McMann - who had both legs shattered in 2007 when an improvised explosive device went off under his vehicle in Iraq's Anbar province - was speechless Thursday when three Seattle Seahawks players unexpectedly walked into his Kennewick home.

The Seahawks set up the surprise as part of their 12 Tour, which travels to Washington, Alaska and British Columbia to connect with fans. McMann, who received the Purple Heart and Bronze Star, was nominated by a nonprofit in the Tri-Cities to be the recipient of the surprise visit.

Shortly before 4 p.m., a black SUV rolled into McMann's driveway. Cornerbacks Richard Sherman and Brandon Browner, as well as wide receiver Doug Baldwin, got out in their Seahawks jerseys and made their way into the McMann house with arms full of merchandise.

As the players made their way in, a wide-eyed McMann was there to greet them.

"I was just so surprised," McMann said once the shock wore off. "I just thought it was a coincidence my family was here. What a great experience."

The players - along with Blitz, the Seahawks mascot, and a few Sea Gals - took pictures with McMann's family before sitting on the couch and talking football with McMann for almost an hour.

McMann and his family peppered the players with questions about opposing teams and their outlook on this year's team. Baldwin thanked McMann for his service and gave him a medal on behalf of the entire organization.

Baldwin said the experience of meeting McMann and other veterans gives the Seahawks players a different perspective on what it means to serve your country.

"It's a rewarding feeling for us," said Baldwin, whose grandfather served in the Air Force. "We are always called soldiers on the football field, but these guys are real heroes and soldiers. They go out and fight for our country and do stuff that no one else wants to do."

McMann's wife, Mary McMann, had to keep the visit a secret from her husband for the last month. She said her husband - who has trouble running and jumping since the injury - was having a bad day Thursday as he battled with Veterans Affairs over medical care.

Seeing the players and watching their children play with them completely erased the bad day her husband was having, she said.

"It's exceptional they make it a personal thing like this," she said. "His service really was for his friends, family and community. When he gets gratitude, it really hits home for him."

McMann, who was in the Army Reserve and worked for Hanford Patrol when he was deployed in 2006, broke five bones in both legs when a 100-pound bomb went off, his wife said. He has had three surgeries to repair the damage in his legs and though he tried to re-enlist a couple days after the injuries, he was forced to retire.

For McMann, serving in the military was an honor and something he would have done for the rest of his life had it not been for the injuries.
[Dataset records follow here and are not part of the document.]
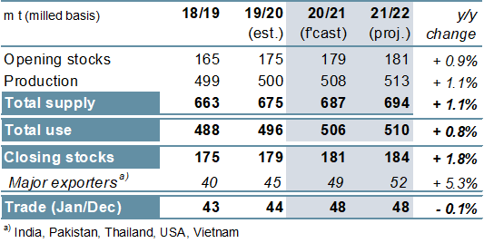 Более высокий спрос со стороны импортеров в Азии и Африке, как ожидается, приведет к увеличению мировой торговли рисом до пика в 48,3 млн тонн (44,0 млн тонн) в 2021 году. В связи с очередным рекордным ростом в Индии прогнозируется, что мировое производство в 2021/22 году достигнет нового максимума, в то время как запасы, как ожидается, увеличатся по мере накопления у основных экспортеров. Несмотря на вероятное сокращение потребления кормов в Китае, потребление прогнозируется на рекордном уровне при продолжающемся росте населения. Прогнозируется, что в 2022 году объем торговли практически не изменится в годовом исчислении, поскольку потенциальному сокращению поставок в Азию противостоит более устойчивый спрос в Африке.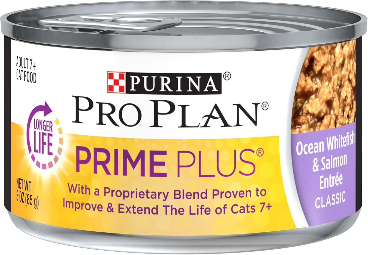 Rely on Purina Pro Plan Prime Plus Ocean Whitefish and Salmon Entree SENIOR Adult 7+ wet cat food to care for your older adult cat. A proprietary blend in this senior cat food is proven to improve and extend the life of cats 7+. The findings are based on cats exclusively fed a complete diet with the proprietary blend versus cats fed the complete and balanced diet alone. This grain free pate cat food starts with real ocean whitefish as the number 1 ingredient and includes real salmon for the full-of-flavor meal she craves. This grain free wet cat food provides your senior cat with the antioxidants beta carotene and vitamin E for a healthy immune system as well as natural prebiotic fiber for digestive health. High protein helps her maintain an ideal body condition, and 25 essential vitamins and minerals plus taurine, an amino acid, help her thrive by your side. We proudly manufacture this premium cat food with no artificial colors or preservatives at Purina-owned, U.S. facilities.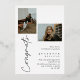 This modern, elegant stylish photo graduation announcement invitation features a script graduate overlay and customisable name, school and photo on the front. The back has a hand lettered congrats moveable object an editable event details with  2 photos. Click the edit button to customise this design.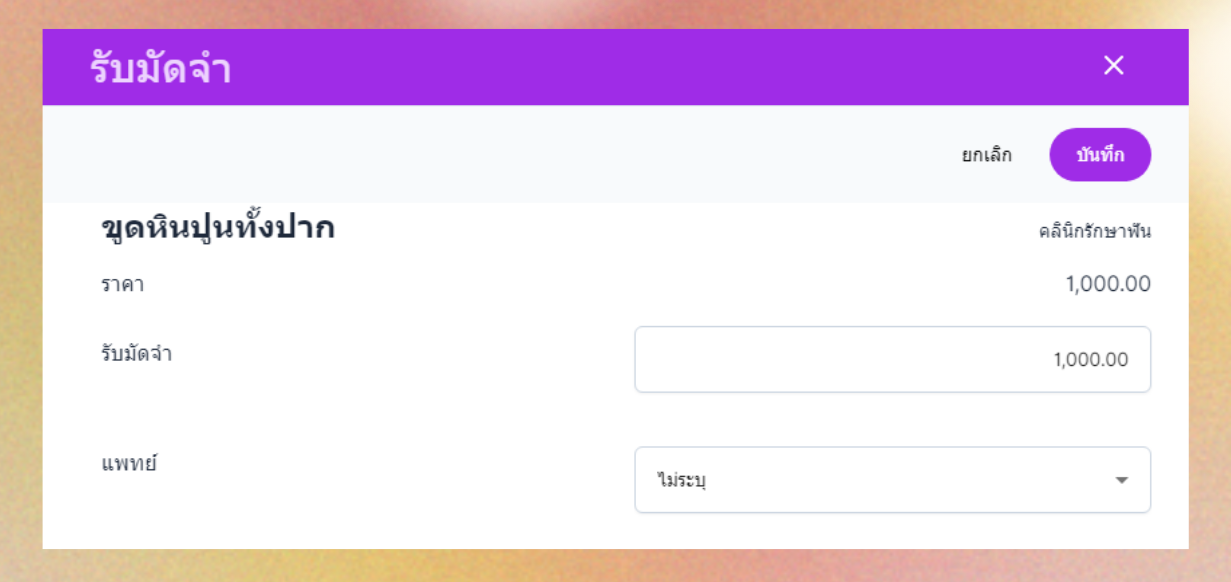 - ระบบจะแสดงหน้าต่างกรอกข้อมูลรับมัดจำ

Though he misses serving with his "brothers," McMann is at peace with his new job as husband and father.

"I am lucky to be alive," he said. "Some days are unbelievably difficult and challenging. But being a dad full time is a pretty awesome job."

Baldwin said that the sacrifice all veterans and soldiers make is unprecedented.

"These guys put everything on the line for their country and for their family," he said. "(McMann) sacrificed his life and his body for his `teammates.' It's hard for us to fathom that kind of commitment and dedication."

As the players were leaving, each one took the time to hug McMann and thank him for all he did for the country.

After they were gone, an emotional McMann fought for words to describe how much the day meant to him and his family.

"I don't feel like I'm worthy of something like this," he said. "But I really appreciate it."